Below are some records: retype them all exactly, but not the pictures.

** RECORDS PROVIDED follows **

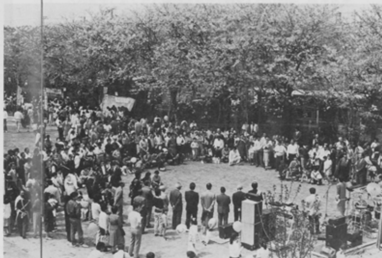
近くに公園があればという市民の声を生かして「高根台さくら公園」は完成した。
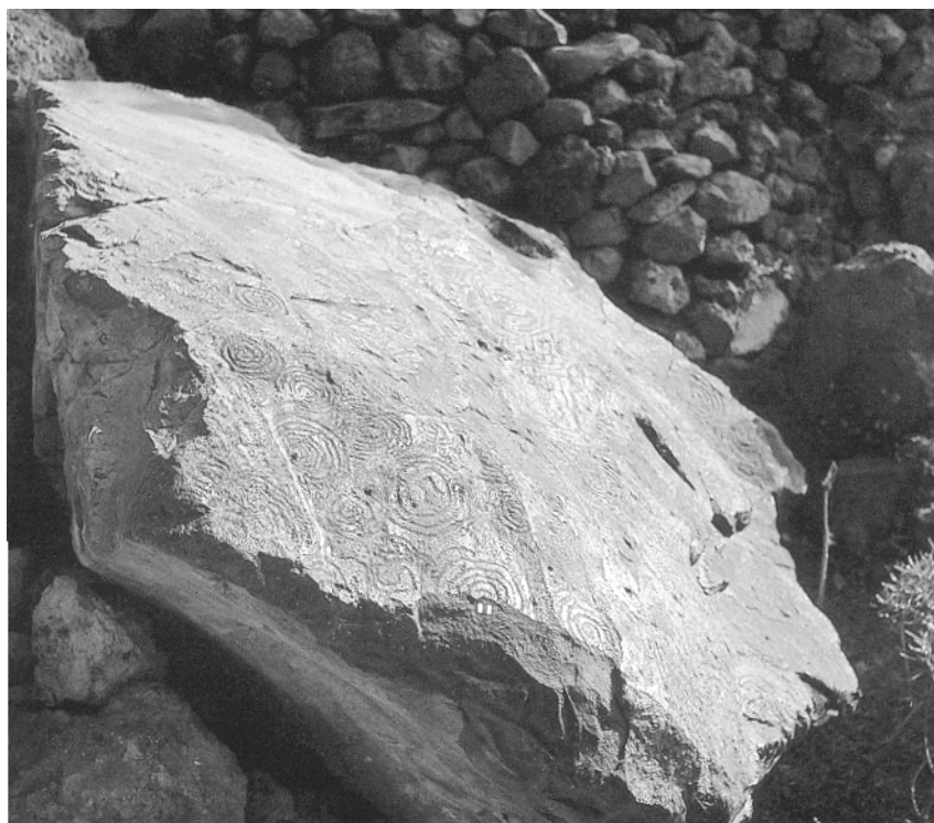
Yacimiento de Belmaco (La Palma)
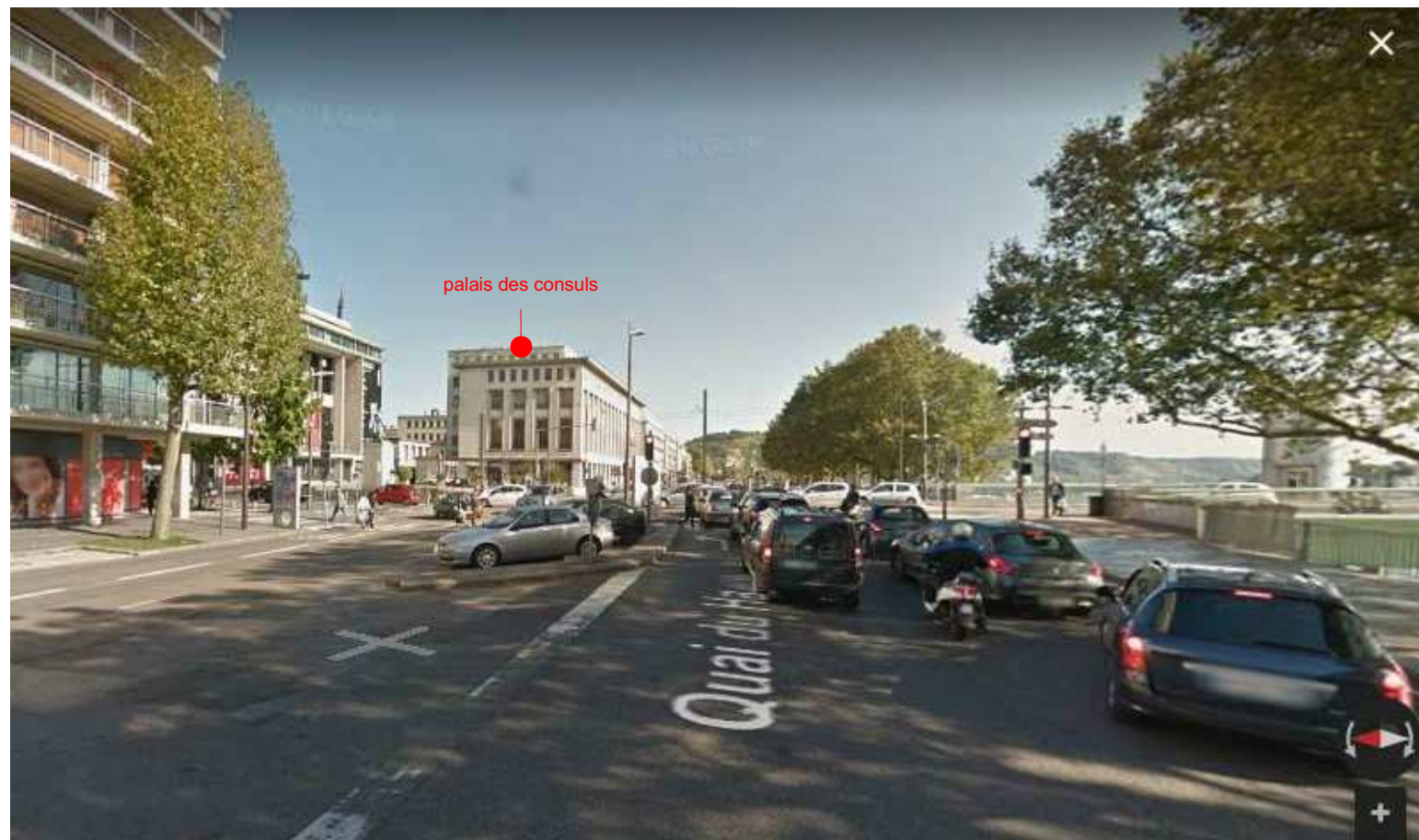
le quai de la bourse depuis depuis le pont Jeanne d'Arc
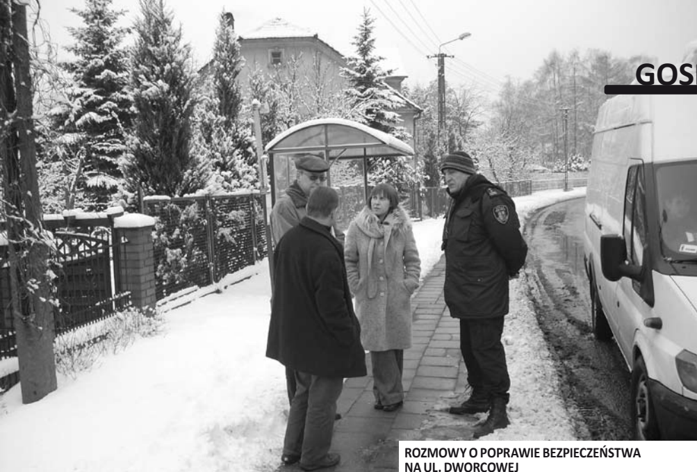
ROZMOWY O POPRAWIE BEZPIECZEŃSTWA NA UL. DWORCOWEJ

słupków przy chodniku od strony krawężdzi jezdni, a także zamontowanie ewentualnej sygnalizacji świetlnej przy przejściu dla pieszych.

** End of RECORDS PROVIDED **

- [EXERCISE RESULT]:
近くに公園があればという市民の声を生かして「高根台さくら公園」は完成した。
Yacimiento de Belmaco (La Palma)
le quai de la bourse depuis depuis le pont Jeanne d'Arc
ROZMOWY O POPRAWIE BEZPIECZEŃSTWA NA UL. DWORCOWEJ

słupków przy chodniku od strony krawężdzi jezdni, a także zamontowanie ewentualnej sygnalizacji świetlnej przy przejściu dla pieszych.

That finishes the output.